Cluster Manager can be used to improve the availability and simplify the management of database (such as Oracle and MySQL), file serving (NFS and CIFS protocols), and web serving (such as Apache) applications. It uses standard networking, shared storage, and server management technology to monitor the status of servers and networks to insure that an application runs on only one active and available server at a time. Node fencing is used to insure that a node that is not communicating with other nodes (and hence is no longer part of the cluster) can no longer run an application or access shared storage until its cluster membership has been restored. A daemon runs on each node in the cluster to monitor cluster status and synchronizing configuration information between cluster nodes so that at any point in time, all nodes have the same view of cluster membership and system state.
Cluster manager provides application availability by grouping applications and their required resources together into a cluster service. A cluster service is made up of cluster resources, components that can be failed over from one node to another, including an IP address, an application initialization script, and a shared storage partition (such as a local file system on a shared disk, shared cluster file system, or network file system like NFS).

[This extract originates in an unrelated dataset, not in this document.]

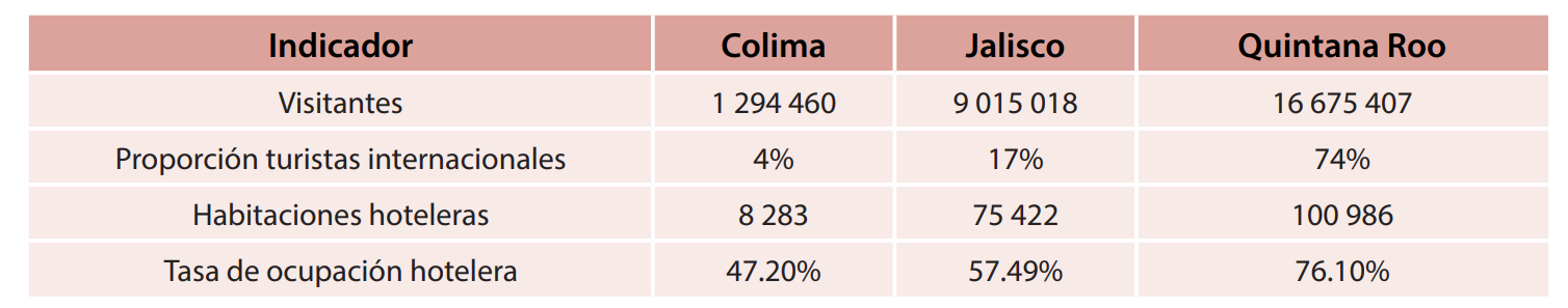 Tabla 2. Indicadores de actividad turística en Colima y destinos competidores, 2018
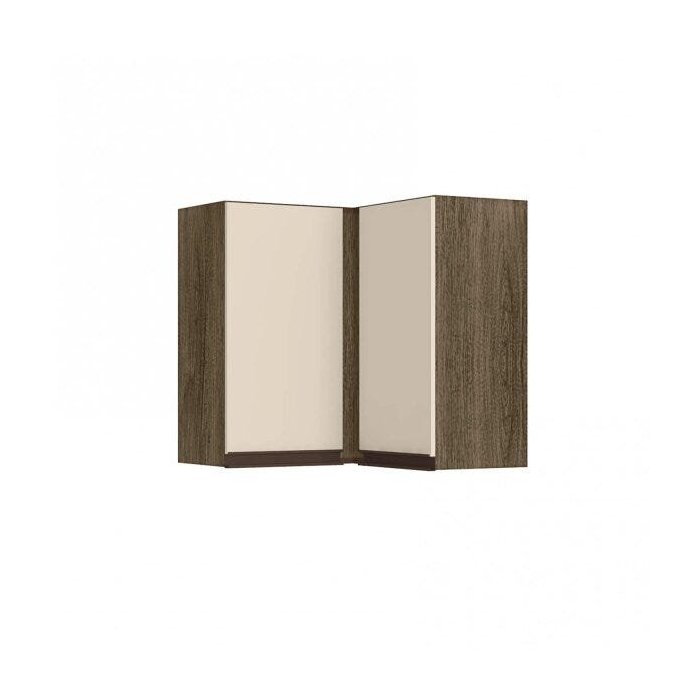 Esse modelo é composto por armários e prateleiras suspensos na parede, o que ajuda a aproveitar melhor a área disponível na cozinha.

After you add a cluster service, the cluster management software stores the information in a cluster configuration file, and the configuration data is aggregated to all cluster nodes using the Cluster Configuration System (CCS), a set of daemons running on each cluster node that allows retrieval of changes to the XML-based configuration file. Red Hat Cluster Manager allows transparent client access to cluster services on any node in the cluster.
To accomplish application failover and migration while preserving data integrity, Cluster Manager nodes maintain group membership via node heartbeats. Each node sends heartbeat signals to other nodes that say, in effect, "I am still functioning properly and my network connection to you is still intact." If a cluster node can no longer heartbeat other nodes, then it is fenced. The node is rebooted and no longer accesses shared storage, and the applications that had been running on it are migrated to another node in the cluster. The set of nodes allowed to run a particular cluster service can be restricted to a subset known as a failover domain.

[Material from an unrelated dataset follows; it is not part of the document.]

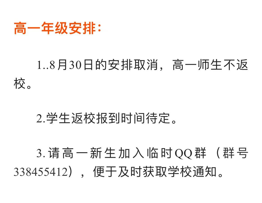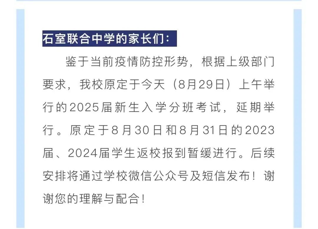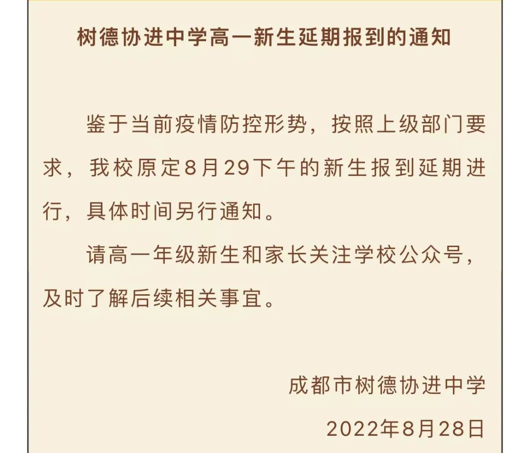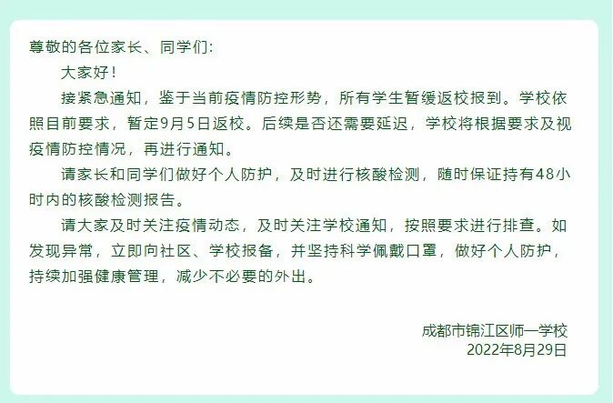 8月29日,成都市锦江区师一学校发布《关于暂缓返校报道的紧急通知》,表示鉴于当前疫情防控形式,所有学生暂缓返校报到。学校依照目前要求,暂定9月5日返校。后续是否还需要延迟,学校将根据要求及视疫情防控情况,再进行通知。8月29日,成都石室联合中学发布通知,表示鉴于当前疫情防控形势,根据上级部门要求,学校原定于今天(8月29日)上午举行的2025届新生入学分班考试,延期举行。原定于8月30日和8月31日的2023届、2024届学生返校报到暂缓进行。后续安排将通过学校微信公众号及短信发布。

Figure 1. Basic cluster shows the basic structure of a Red Hat Enterprise Linux cluster using Cluster Manager. A server cluster tier, configured with and administered via Cluster Manager, accesses shared storage via IP (shared NFS or iSCSI volume mounts) or Fibre Channel (shared GFS or ext3fs file system mounts). An application client tier can access a cluster service on any machine in the server cluster tier. If a node in this tier stops heartbeating other cluster members, it is fenced, and the cluster services executing on it are migrated to other nodes in its failover domain in the server cluster tier.

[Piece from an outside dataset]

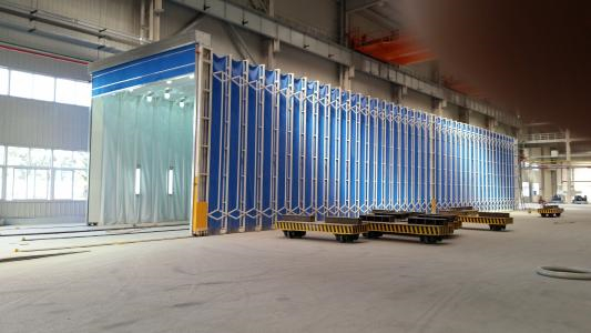 伸縮式噴漆房整體為框架傳動(dòng)結(jié)構(gòu),每組框架間均有阻燃pvc布密封連接,安 裝快捷、外形美觀,結(jié)構(gòu)精巧,使用方便,制造成本低,節(jié)約投資!

The Red Hat Cluster Suite manual set provides a detailed description for configuring and administering Cluster Manager. We only summarize the major steps in this section and the next. The Cluster Manager configuration file (/etc/cluster/cluster.conf) is an XML-format file created using the Cluster Configuration Tool. (Red Hat recommends that this file be created and modified only with the Cluster Configuration Tool, never through manual editing.) The configuration steps in the tool are as follows:
/etc/cluster/cluster.conf to be created automatically.As shown in Figure 2. Cluster Status Tool, you can use the Cluster Status Tool to enable, disable, restart, or relocate a service. To enable a service, select the service in the Services area and click Enable. To disable a service, select the service in the Services area and click Disable. To restart a service, select the service in the Services area and click Restart. To move a service from one member to another, disable the service and drag it to another member. Dragging it to another member automatically starts the service on the new member.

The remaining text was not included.